Monas Bukan Tempat Gantung Anas

Gambar

Tentunya masih teringat beberapa waktu yang lalu ketika Anas Urbaningrum dengan lantangnya mengatakan, “Satu rupiah saja Anas korupsi Hambalang, gantung Anas di Monas!”. Pernyataan itu pun sontak menarik perhatian. Semua seolah memiliki hak untuk berkomentar dan memberikan tanggapan. Monas dan Anas naik ke permukaan berita.

Saat ini Anas telah ditahan dan kasus terus bergulir, namun biarkan Monas tetap pada fungsinya. Monas bukan tempat untuk gantung Anas atau gantung siapapun. Monas bukan tempat untuk eksekusi hukuman bagi siapapun. Monas harus tetap pada fungsi dan peruntukannya sebagai ruang terbuka hijau sekaligus  sebagai ruang publik. Ruang yang semakin hari terasa semakin sulit ditemui.

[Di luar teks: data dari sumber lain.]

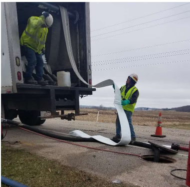
Getting liner ready for installation in the sewer main
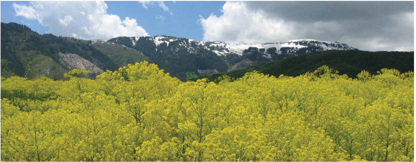
Many areas like this have been completely taken over by weeds such as dyer's woad.

The table below summarizes available control methods for the weeds outlined in this fact sheet.
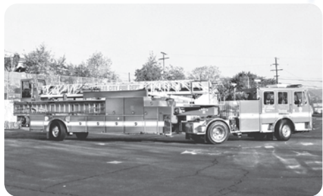
Fire Station 2 presents.
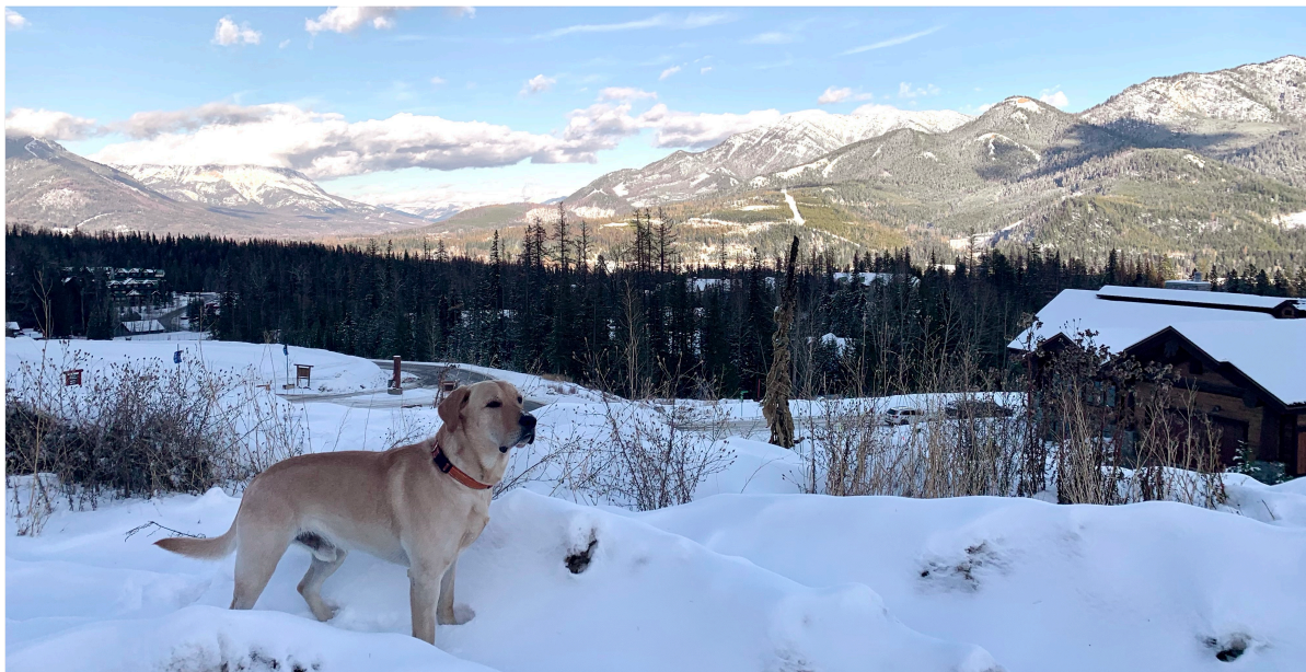
Thumper near Fernie Ski Hill where there is lots of snow but not much ice!
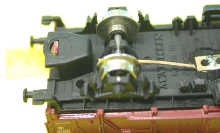
figure 6: The insulated side of the wheel, turned to the opposite direction of the current collector
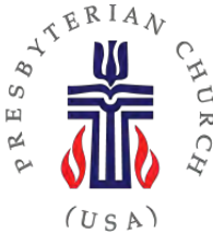
Committee on Theological Education
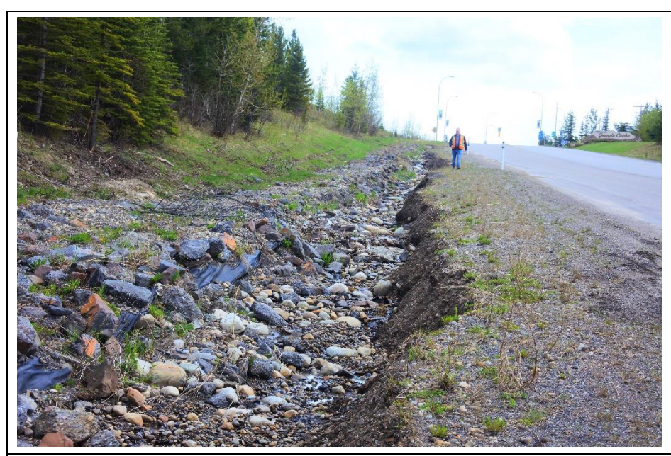
Photo 3. Looking south at a runoff erosion gully that enters the east highway ditch near the north end which has eroded the ditch
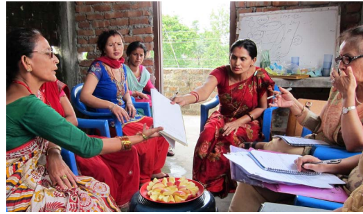
Members and beneficiaries of Bibeksheel Mahila Krishi Sahakari Sanstha in Jhapa, East Nepal
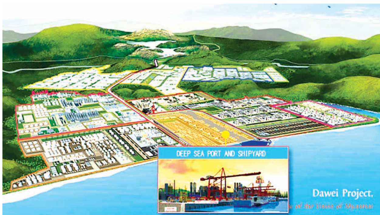
An artist's view of the Dawei Special Economic Zone in Myanmar.
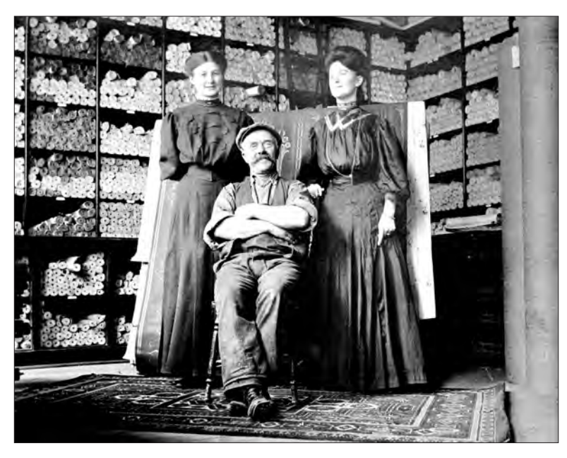
(Hoskins 2005: 7)

France has excellent collections of the high-quality luxury products ... but the study of them in situ is limited compared with the United States of America where the use of such material, in combination with documentary sources, has resulted in a rich industrial and sociological history.
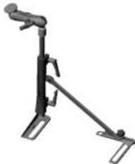
RAM-160-1U RAM SEAT RAIL SYSTEM WITH 1 SWING ARM & BALL
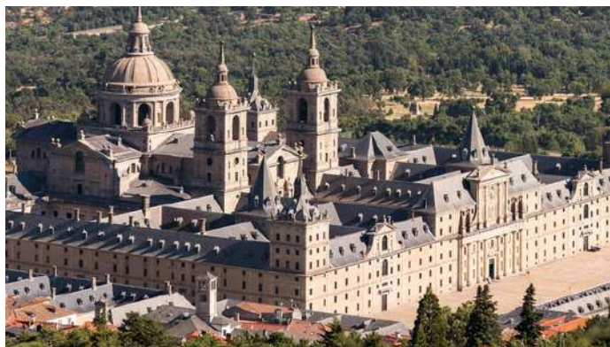
Royal Monastery of El Escorial

Additionally, there are charming and cozy terraces to rest and enjoy the sunset over the Madrid mountains. It's a must to visit the Royal Monastery; if you're a member of the teaching staff, bring your ID, the visit will be free!
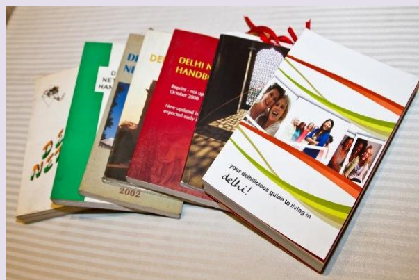
The many editions of the DN book
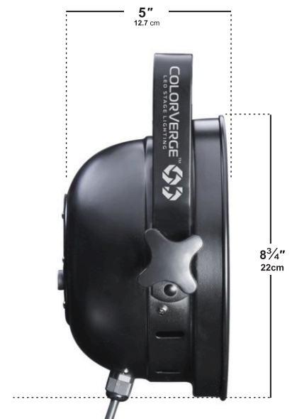
Standard short black housing shown. Optional Chrome available special order.
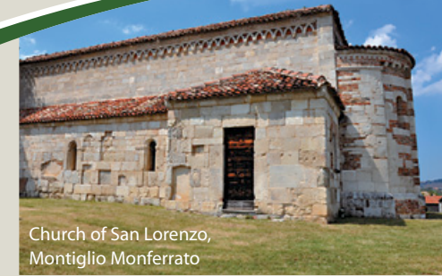
Church of San Lorenzo, Montiglio Monferrato
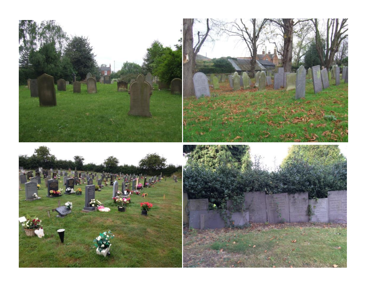
Diocesan Advisory Committee for the Care of Churches
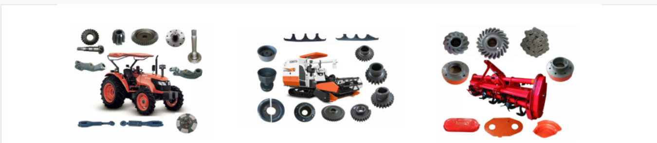
Precision-engineered components designed for reliable agricultural machinery performance.
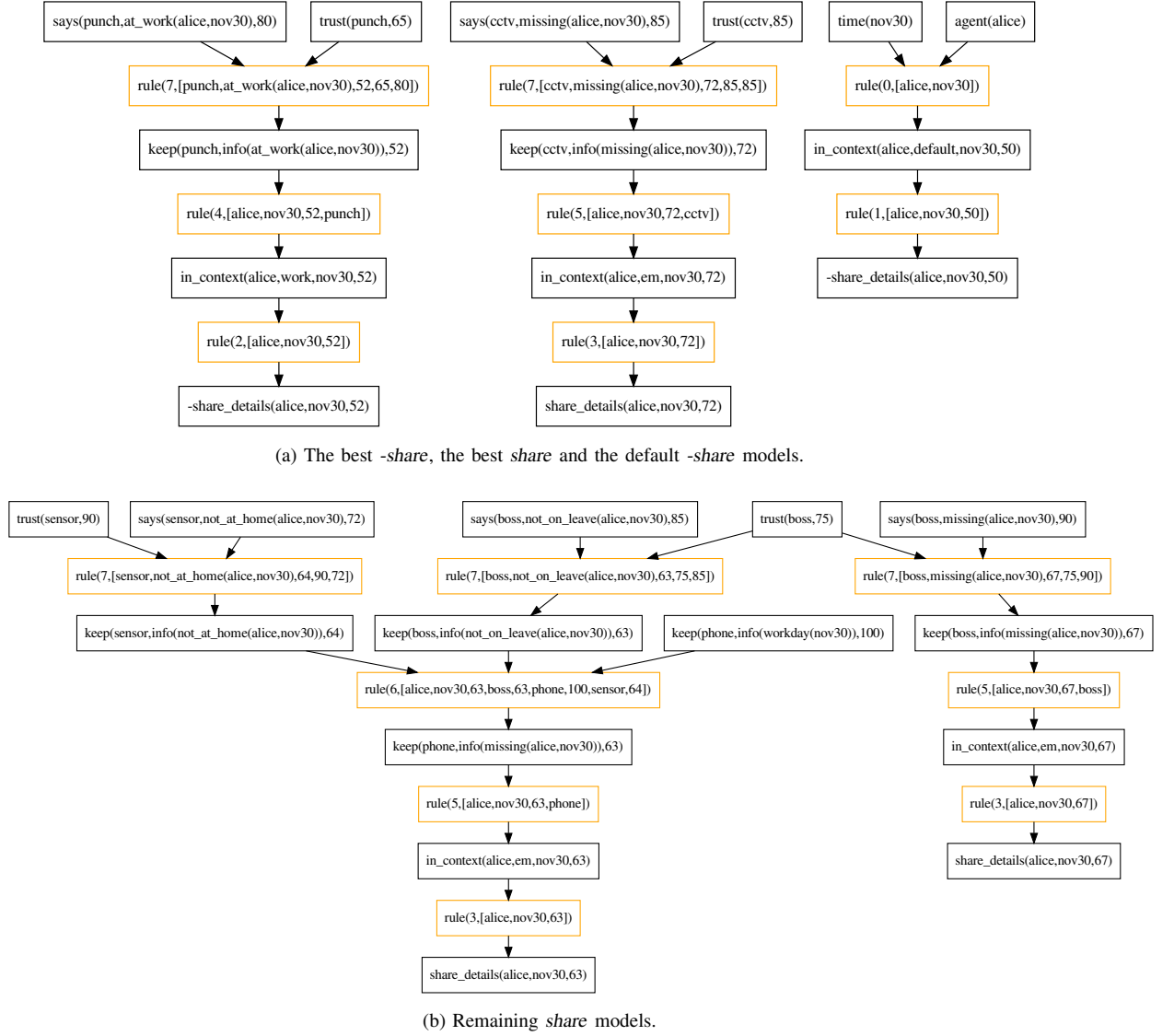
Figure 1: All the models generated by the phone agent. The rules are depicted as orange boxes, while all other predicates are depicted as black boxes. An arrow from a black box to an orange box shows inputs to a rule, and an arrow from an orange box to a black box means that the rule was applied to conclude the target predicate.

that appears in two models: m(bs) and m(b) (Figure 1b). The minimum trust value is the one computed in m(b) , the trust value of boss is updated as 48.
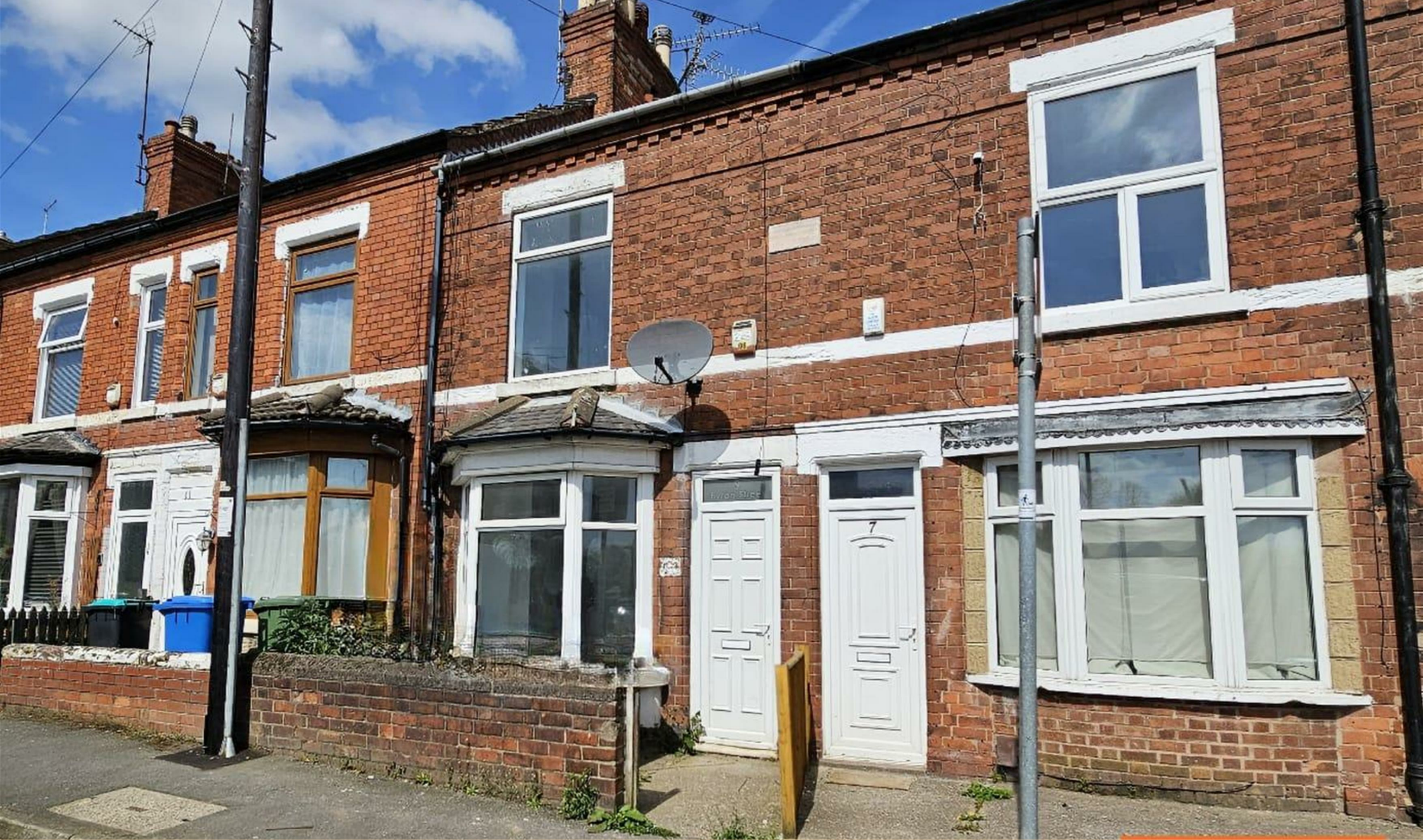
Byron Street, Mansfield, Nottinghamshire, NG18 5NX
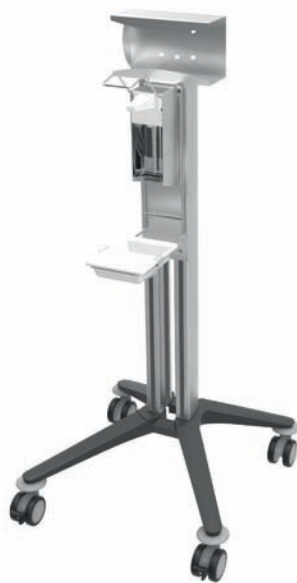
bravo - hygiene cart 2 Ref. no. 2708.1
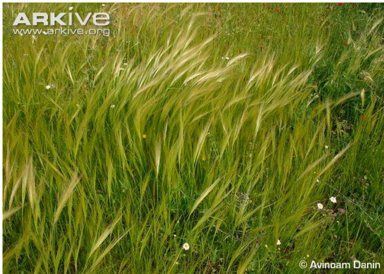
Fig. 3 Dense stand of needle grass

Similar Native Species: Elymus or Squirrel tail
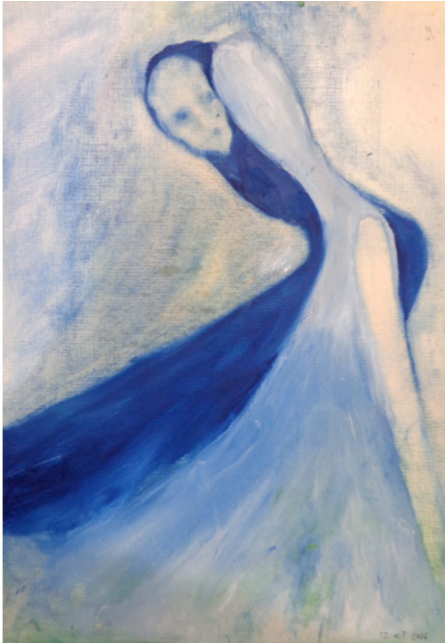
Blue woman and her shadow. Oil on wood 36x25cms
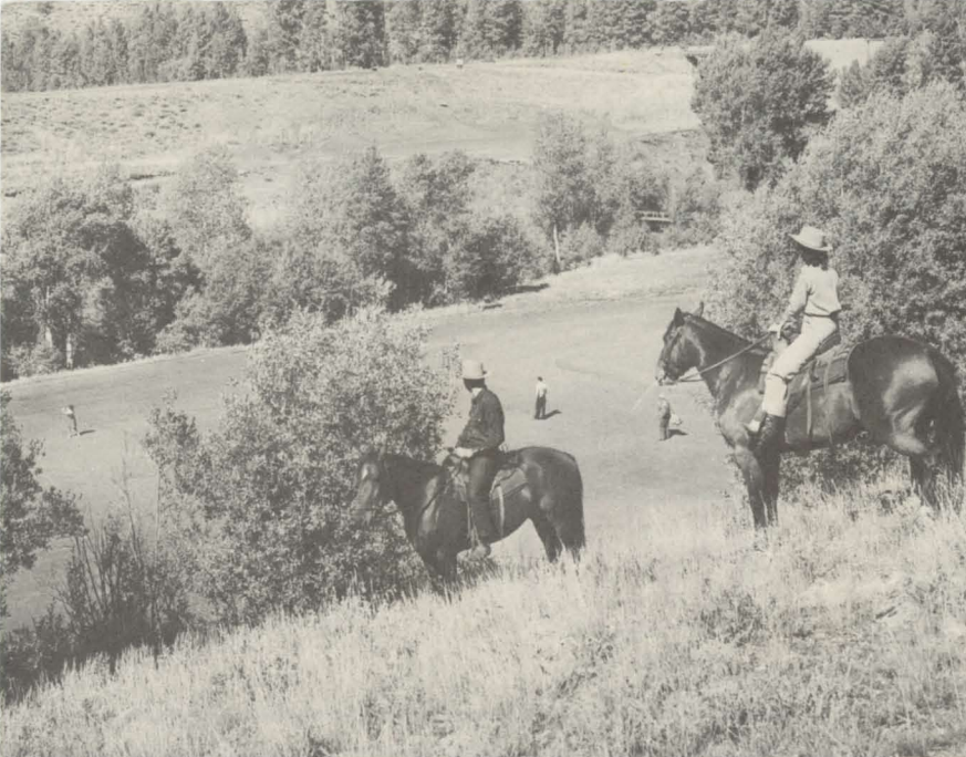
Sports are the feature at Sun Valley, Idaho, summer and winter.
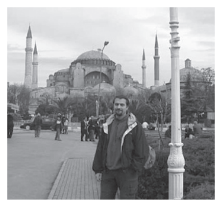
The Hagia Sofia mosque, formerly the center of the Eastern Orthodox church, in Istanbul, Turkey.
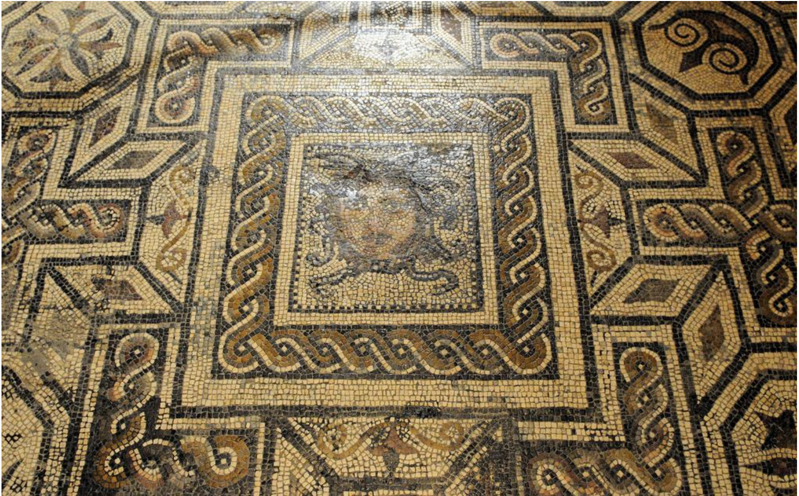
Photo courtesy of Son of Groucho (@flickr.com) - granted under creative commons licence - attribution
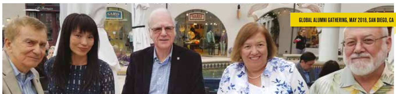
GLOBAL ALUMNI GATHERING, MAY 2018, SAN DIEGO, CA
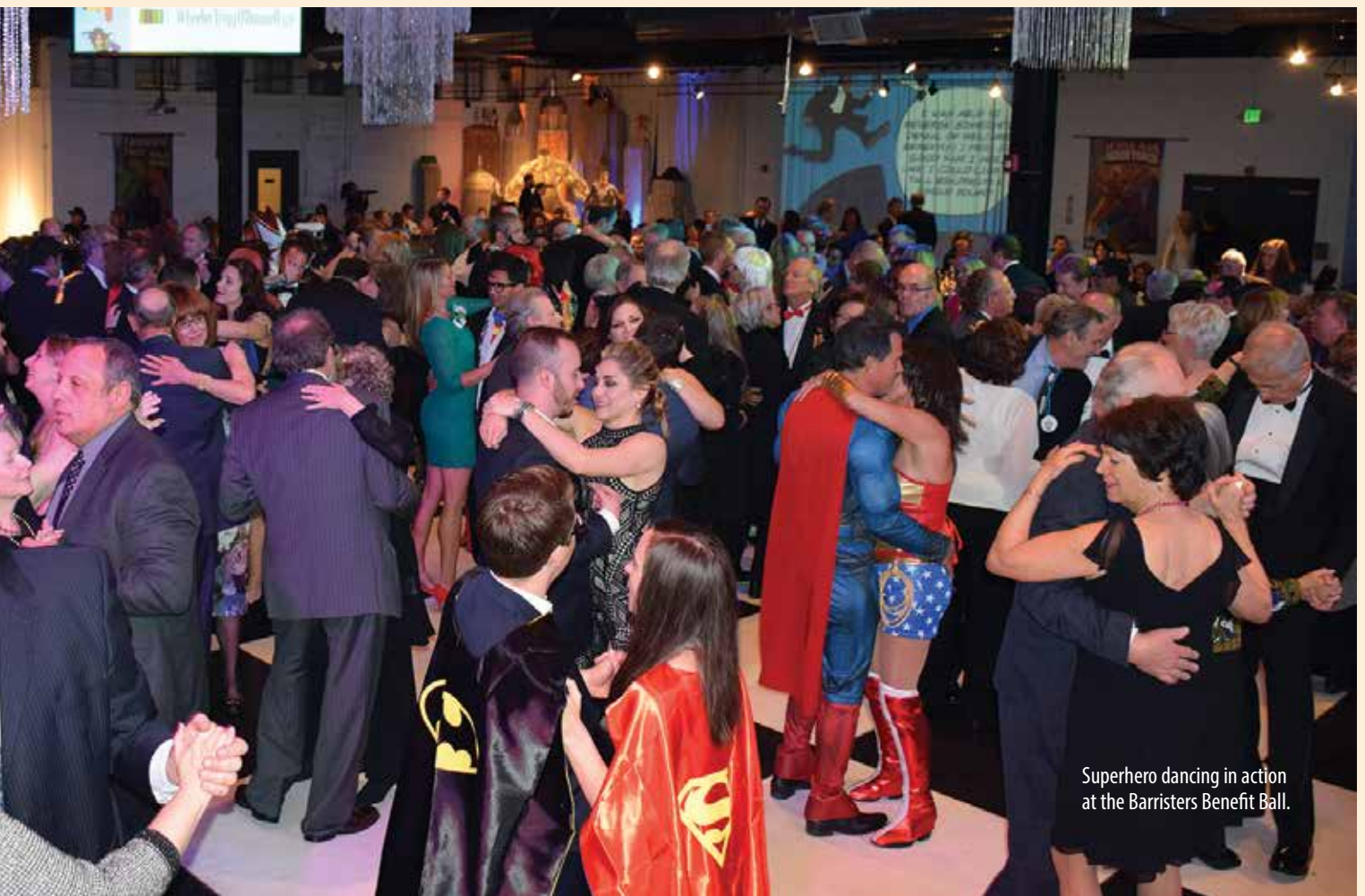
Superhero dancing in action at the Barristers Benefit Ball.
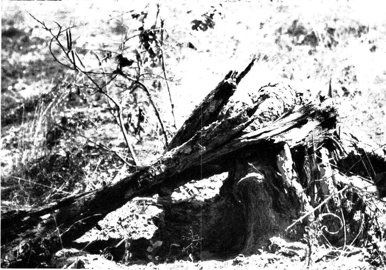
Fig. 6. Singida, cool season. This log had slight shade most of the day. Four pupae were found under the fork on the left and a further four under the slight bulge on the right. Another pupa was taken here in the rains.

Fig. 7. Singida, cool season. This tree stump with the bark leaning up against it was very similar to many logs where the trunk was broken off just above the ground. There were four pupae under the end of the bark on the ground while two cases were near the stump. There was another pupa under the bark in the rains.
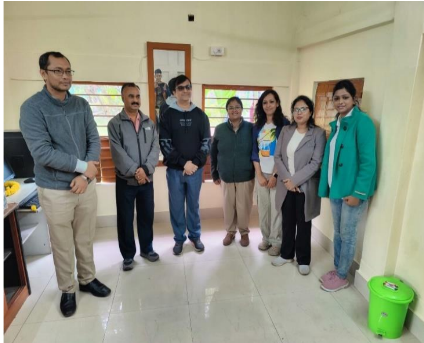
Inauguration of DFO Camp Office at Garchumuk Zoological Park
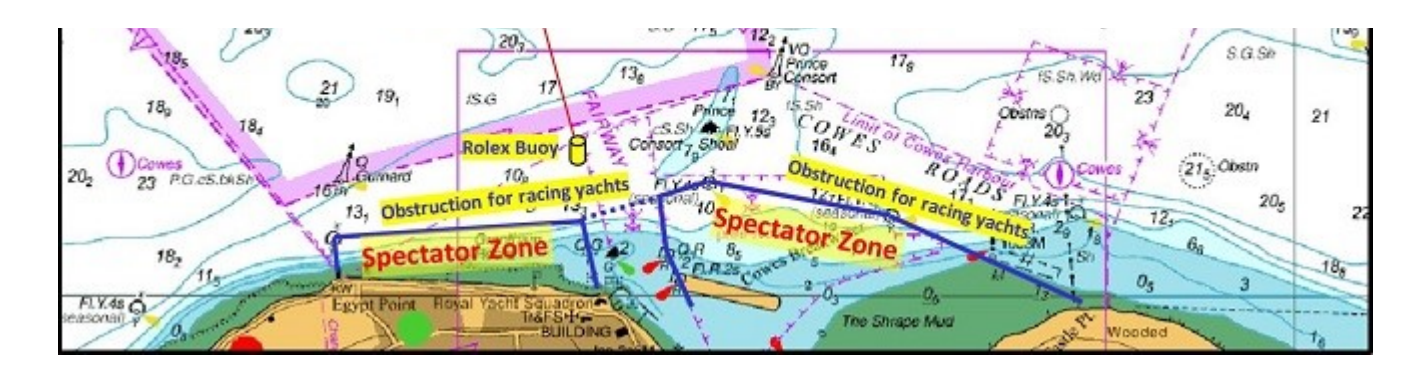
Chartlet 1: Fastnet Race Start Line

Tidak usah heran, berdasarkan data yang ada, saat ini Jakarta hanya memiliki ruang terbuka hijau seluas 9,8% dari total luas Jakarta. Untuk mencapai besaran 16 % seperti yang diamanatkan dalam Rencana Detail Tata Ruang (RDTR) DKI Jakarta, masih diperlukan tambahan 6 %  ruang terbuka hijau. Jakarta masih memerlukan upaya yang sangat keras untuk menggapai angka tersebut. Sebagai gambaran, dengan total luas wilayah DKI Jakarta 661,52 km2, setiap tambahan 1% RTH, dibutuhkan lahan seluas 6,6 km2. Bahkan jika mengikuti aturan yang tercantum dalam UU No. 26 Tahun 2007 tentang Penataan Ruang, seharusnya ruang terbuka hijau yang disediakan 30 %, yang terdiri dari 20 % RTH publik dan  10 % RTH privat. Artinya, PR Jakarta masih jauh lebih berat lagi. Jakarta harus berupaya untuk menyediakan ruang terbuka hijau yang lebih luas lagi.

Gambar

Gambar

Sabtu pagi yang lalu, menyempatkan diri untuk berolah raga, sekedar joging di seputar Monas. Jakarta sedang dalam cuaca yang sangat cerah. Lalu lintas di Sabtu pagi belum terlalu menggeliat. Mungkin warga Jakarta sebagian masih terlelap dalam tidurnya, menyambut libur panjang akhir pekan.

Gambar

Memasuki pelataran Kawasan Monas, langsung dihadapkan pada kenyataan yang membuat miris. Fungsi Monas sebagai ruang terbuka hijau dan sebagai ruang publik seolah telah memiliki interpretasi yang salah kaprah. Mata seolah dihadapkan pada kenyataan, bahwa pelataran Monas telah benar-benar difungsikan sebagai “ruang publik” dalam arti yang keliru. Pelataran sekitar Monas seakan menjadi ruang bagi siapapun warga/publik yang ingin turut hidup dan meneruskan kehidupannya di sana. Beberapa keluarga terlihat berkegiatan dan tidur di sana. Di sini lah salah kaprahnya. Ruang publik bukan berarti dapat dimiliki/dikuasai seenaknya oleh publik. Kalau begini, sudah berganti fungsi menjadi ruang privat bagi sebagian orang yang tidur dan tinggal di sana. Entah siapa yang patut disalahkan. Mungkin mereka tidak memiliki pilihan yang lebih baik.

Gambar

Tidak terlalu jauh dari sana, masih di seputaran Monas, perasaan miris semakin menjadi. Di pagi yang cerah itu, mata kembali dibuat tidak nyaman dengan pemandangan yang terpampang. Lebih dari sepuluh taksi tampak terparkir tak beraturan di area luar Monas. Yang lebih menyedihkan, sampah teronggok di mana-mana. Tersebar seolah menjadi penghias jalanan. Inilah Kota Jakarta, sebuah Kota Metropolitan yang masih berbudaya kampung.

Gambar

Gambar

Tidak berhenti di sana, aneka pedagang kaki lima dengan jumlah yang cukup banyak terus merangsek ke jalan. Sudah mulai mengokupasi badan jalan. Saat ini mungkin tidak terlalu mengganggu. Tapi, saya yakin, bila terus dilakukan pembiaran, akan mendatangkan permasalahan yang lebih besar di kemudian hari. Siapa yang akan bertanggung jawab?

Gambar

Ah sudahlah, tidak usah terlalu larut. Ini saatnya untuk menikmati indahnya sore. Saatnya untuk mengerjakan berbagai hal lainnya. Jangan sampai aneka pemandangan tersebut merusak hari.  Selamat sore… Salam. (Del).